Der VZA weist in seinem Mitgliederrundschreiben überdies auf Regelungen für Neueinführungen biotechnologisch hergestellter Arzneimittel hin. Ist für deren Wirkstoffgruppe in Anhang 4 bereits ein fester mg-Preis vereinbart, gilt dieser Preis auch für das neue Arzneimittel.

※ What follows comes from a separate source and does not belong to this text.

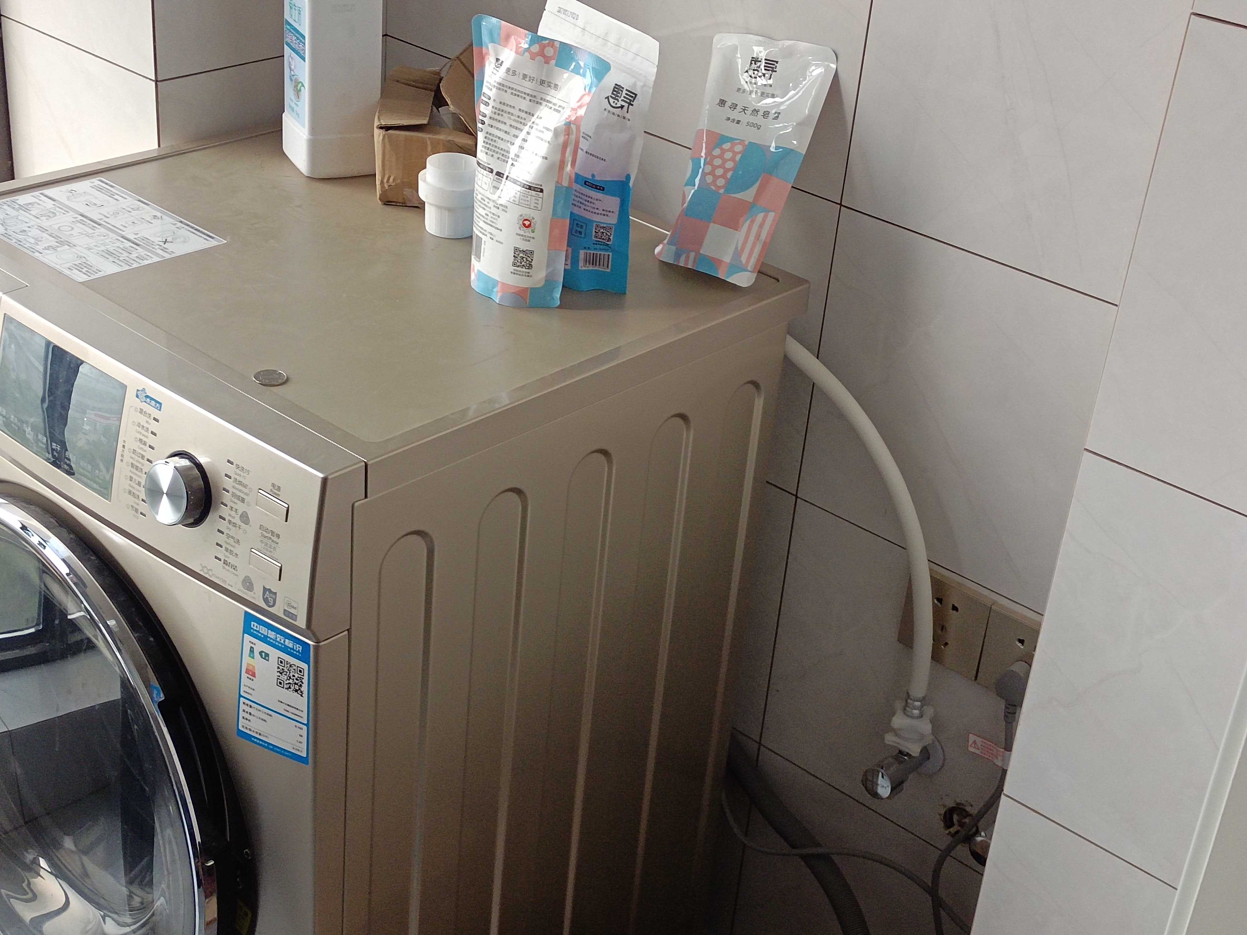 材料不合格的,也已经另外支付费用。洗衣机柜子没有安装 ,厨房水电也没安装,大理石把墙面也弄坏了,需要面修补
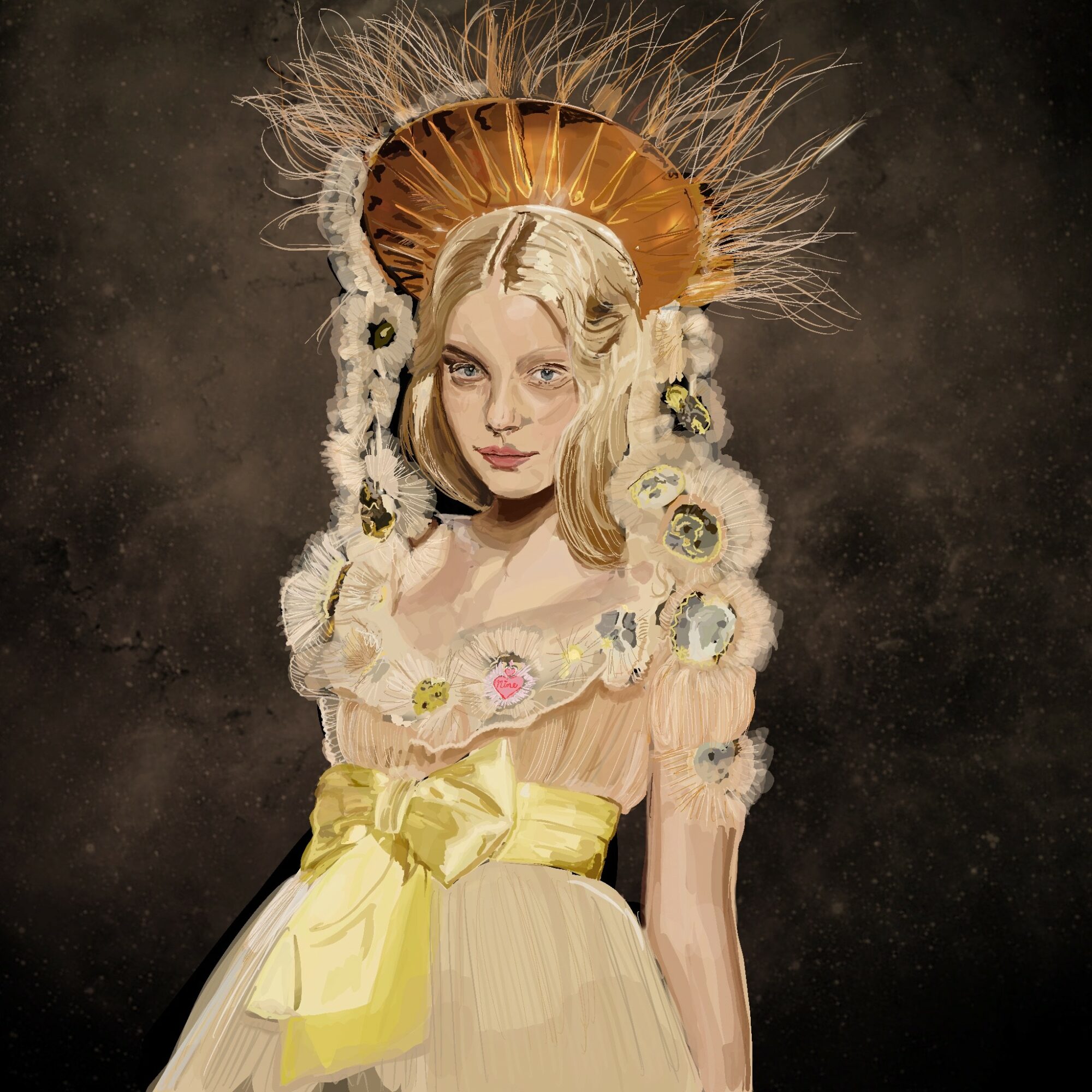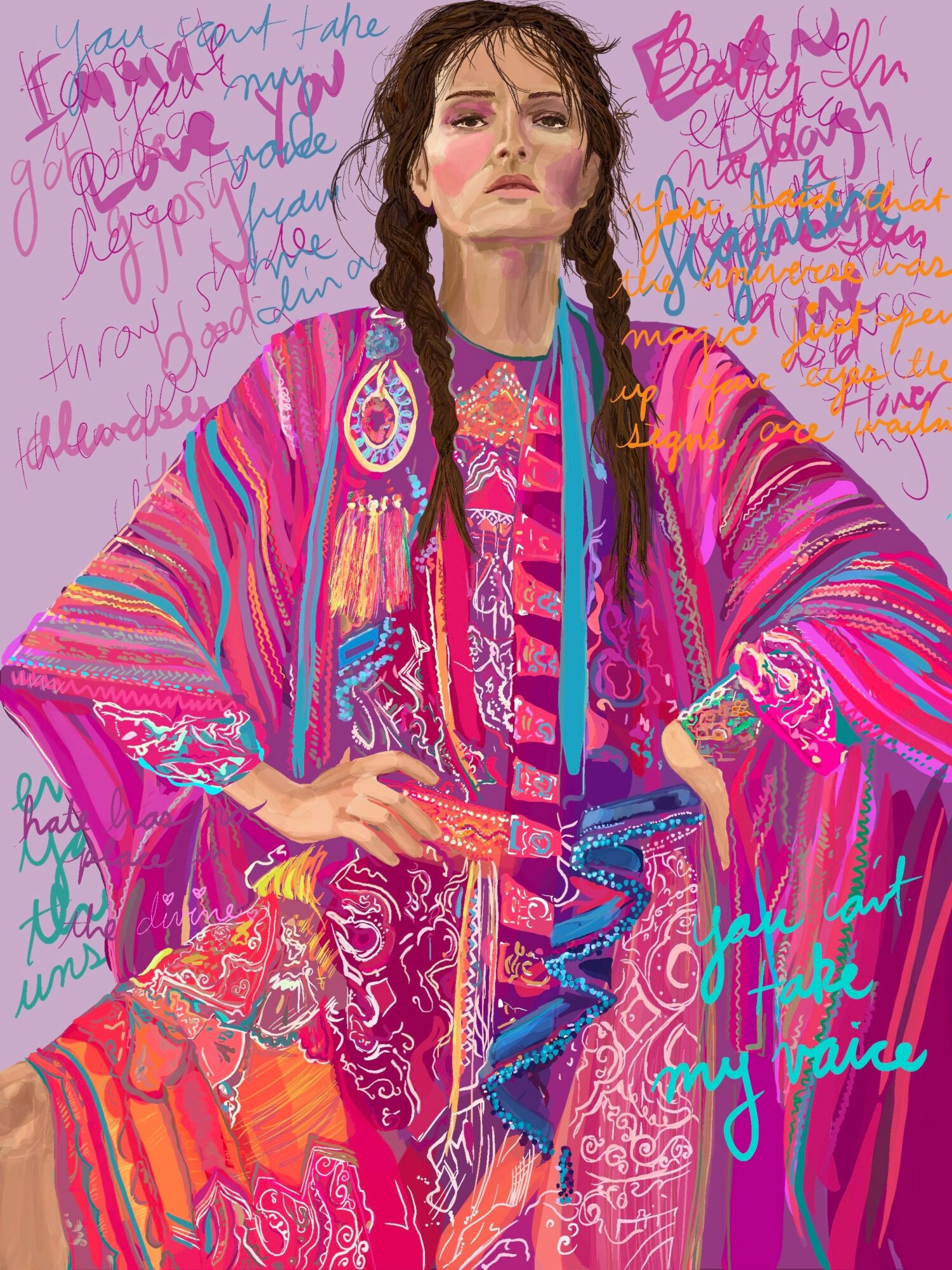 I specialize in spiritual portraiture, exclusively of women exploring the divine feminine while questioning social norms and historic archetypes. When a piece starts it’s typically inspired by a song. I get obsessed with two or three tracks that capture what I’m sorting through in my own psyche and gives me a way to relate what I’m processing in a way that will hopefully translate universally. I paint the entire first piece listening to those three songs on repeat feeling the lyrics take shape visually with a color palette inspired by the melodies. I prefer to work in series to make a cohesive body digging into the emotions and hand ending up with triptychs or my largest has been twelve series piece portraying relationship dynamics via animal heads on human bodies and their language in relation to each other, I’m very proud of a nine piece Chakra series I did embellishing on the throat and crown chakras as well as a spirit animal seven piece series. My favorite standalone painting is called “Mother’s Day” portraying a Native American woman and her generational relationship to the earth and spirit realm.

Für Bioidenticals, die neu in den Markt eingeführt werden, gilt ein in Anhang 2 für ein bioidentisches Arzneimittel gegebenenfalls festgelegter Abschlag. Für andere biotechnologisch hergestellte Wirkstoffe bzw. Fertigarzneimittel, die aufgrund einer erstmaligen Markteinführung die Voraussetzungen zur Zuordnung in Anhang 4 erfüllen, fällt bis zum Abschluss einer Vereinbarung zunächst kein Abschlag an – sie unterliegen dem biosimilaren Wettbewerb.

Und was ist bei einer Änderung des Listenpreises?

Weiterhin gibt es eine Regelung, die greift, wenn ein Hersteller seinen Listenpreis für ein nach § 40b AM-RL austauschbares biotechnologisch hergestelltes Fertigarzneimittel über zwei aufeinanderfolgende Meldetermine senkt oder erhöht. Dann wird den Vertragspartnern eine schnelle Anpassung auf Marktveränderungen ermöglicht. Können diese allerdings kein Einvernehmen erzielen, gilt zunächst der vorherige Preis. Dieser ergibt sich auf Basis des vor der Änderung gemeldeten Listenpreises im Preis- und Produktverzeichnis nach § 131 SGB V unter Berücksichtigung des in Anhang 2 genannten Abschlags.

Die Praxis muss nun zeigen, wie sich die neuen Regeln handhaben lassen.